The results presented in this paper do not hold for all forms of the general erosion formulations (16) and (17) with arbitrary t or z dependence. It depends on the exact formulation if the same qualitative results hold. We will not go into the effect of choosing any particular form of these general erosion formulations, as there is not one standard form other than Partheniades’ formulation, which is used throughout this paper. The purpose of this section is to show that the same methods applied in this paper can be applied to study many forms of the erosion formulation. This mainly requires a suitable redefinition of \(\tilde {E}\). We will illustrate how one may determine \(\tilde {E}\) and the existence of a bifurcation point in this case by a simple example.

Consider a stationary flow forced by a constant water level slope. Let the critical shear strength increase with depth, e.g. due to consolidation, and let the erosion be described by Eq. 16 with n = 1. The condition for the equilibrium near-bed concentration of Eq. 11 is modified to
$$(1-\phi_{\text{bed}})^{m}\phi_{\text{bed}} = \frac{M}{w_{s,0}c_{\text{gel}}}\left(\frac{\tau}{\tau_{c}(\tilde{z})}-1\right). $$
Reordering this expression yields
$$ \left((1-\phi_{\text{bed}})^{m}\phi_{\text{bed}} + \frac{M}{w_{s,0}c_{\text{gel}}}\right) \tau_{c}(\tilde{z}) = \underbrace{\frac{M}{w_{s,0} c_{\text{gel}}}\tau}_{\tilde{E}}, $$
where all terms depending on ϕ are on the left-hand side, including τ c , which depends on ϕ through \(\tilde {z}\). Within this formulation, the right-hand side should be considered as the dimensionless erosion parameter, i.e. \(\tilde {E} = \frac {M_{0}}{w_{s,0} c_{\text {gel}}}\tau \). Equation 18 has a bifurcation point if the left-hand side of this expression has a maximum. Whether this is the case depends on the relation between the critical shear stress and ϕbed. If a maximum to the left-hand side of Eq. 18 exists, the results of this paper also hold qualitatively for this erosion formulation. If there is no such maximum, the stable erosion-limited solution branch exists for all values of \(\tilde {E}\). High concentrations can then be attained for erosion-limited conditions and no hysteresis is observed in the transition between low- and high-concentration states.

5.3 Role of flocculation

Fine cohesive sediments are known to flocculate. The size and fall velocity of sediment flocs may differ from that of the primary sediment particles by several orders of magnitude. It is known that the degree of flocculation depends on the concentration of primary particles and shear stress in the water column.

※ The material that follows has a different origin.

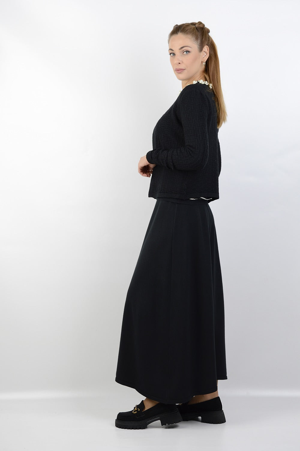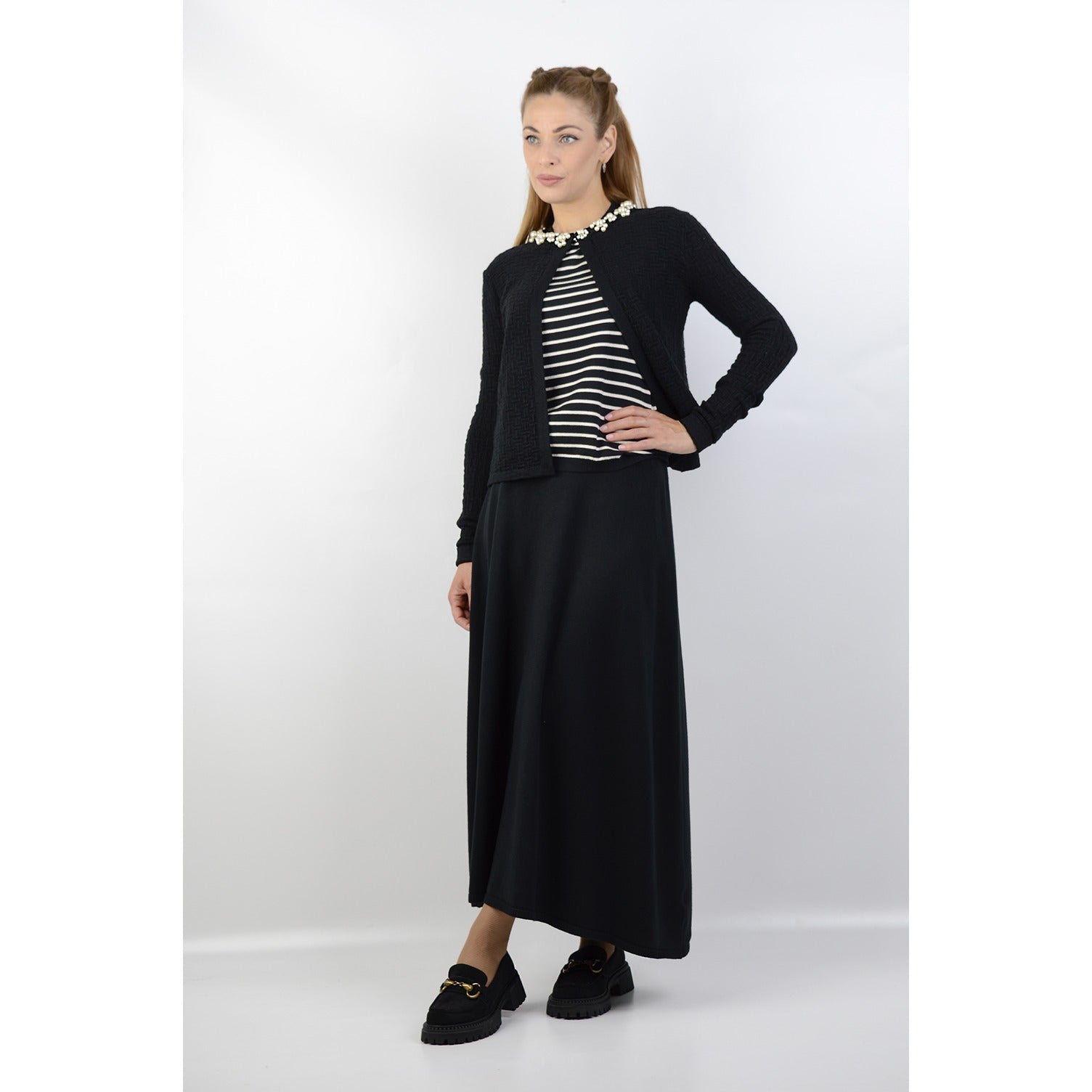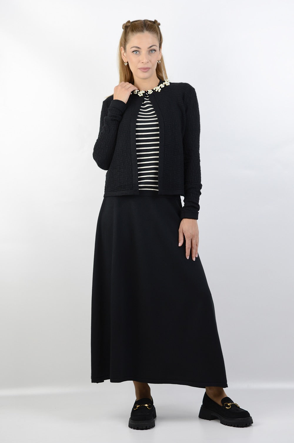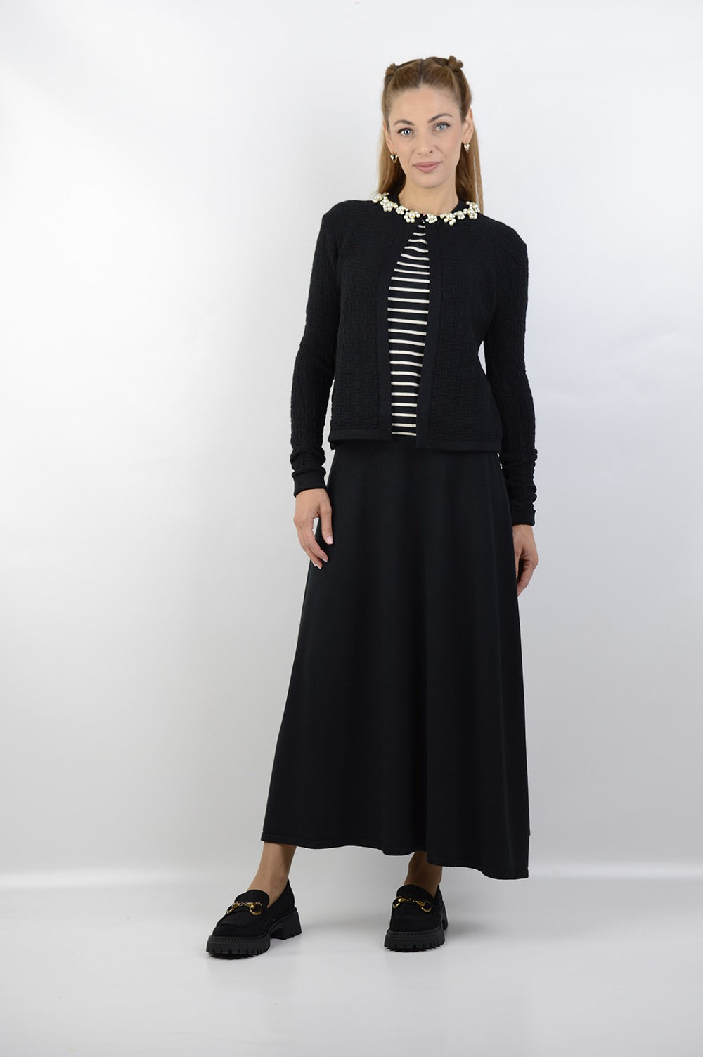 ...стилна и елегантна жилетка в черен цвят, изработена от мека и удобна плетена материя...моделът е с обло деклоте, украсено с нежен перлен акцент, който и придава луксозен завършек....

Therefore, the flocculation also varies with ϕbed and \(\tilde {E}\) and is expected to modify the equilibrium curves in ϕbed-\(\tilde {E}\) space.

Experiments on flocculation show that the fall velocity of the sediment increases due to flocculation processes, but only up to values of ϕ around 0.1 (see e.g Figure 5.3 of Winterwerp and Van Kesteren 2004, and references therein). For higher volumetric concentrations, hindered settling takes over and dominates the settling velocity. Therefore, it is expected that flocculation only modifies the shape of the erosion-limited equilibrium branch in the ϕbed-\(\tilde {E}\) diagram. Taking ws,0 as the settling velocity of flocs at \(\tilde {E}=\tilde {E}_{\text {crit}}\), the unstable branch and \(\tilde {E}_{\text {crit}}\) are hardly affected by flocculation. Flocculation is therefore not expected to have any important implications for the results found in this paper.

5.4 Necessity of hindered settling to reproduce high concentrations

The theory developed in this work helps to explain why some estuaries and coastal systems can support very high suspended sediment concentrations, while the bed shear stress is not particularly high. Here, we demonstrate this using two examples. The first is of the Amazon shelf, with concentrations of more than 100 g/l (Kineke and Sternberg 1995), while the average bed shear stresses are estimated by model studies to be of the order of 1 Pa (Gabioux et al. 2005). The second example is the Ems River, where concentrations of over 30 g/l have been observed (Talke et al. 2009), while bed shear stresses are up to 2 Pa (Van Maren et al. 2015). We compute the order of magnitude of the tide-averaged dimensionless erosion parameter for these systems, using its definition (11). The erosion parameter M is a calibration parameter in most models. The critical bed shear stress τ c can be measured, but has a significant measurement uncertainty and natural variability. However, both parameters have a well-established range of typical values. We estimate M to be of the order of 10− 4 − 10− 3 g/l m/s and τ c in the range 10− 1 − 101 Pa (see, e.g. Partheniades 2010). We assume a typical order of magnitude of the settling velocity of 1 mm/s and cgel of 100 g/l. For the Amazon shelf and the Ems River, this means that typical values of \(\langle \tilde {E}\rangle \) are 10− 3 to 10− 1.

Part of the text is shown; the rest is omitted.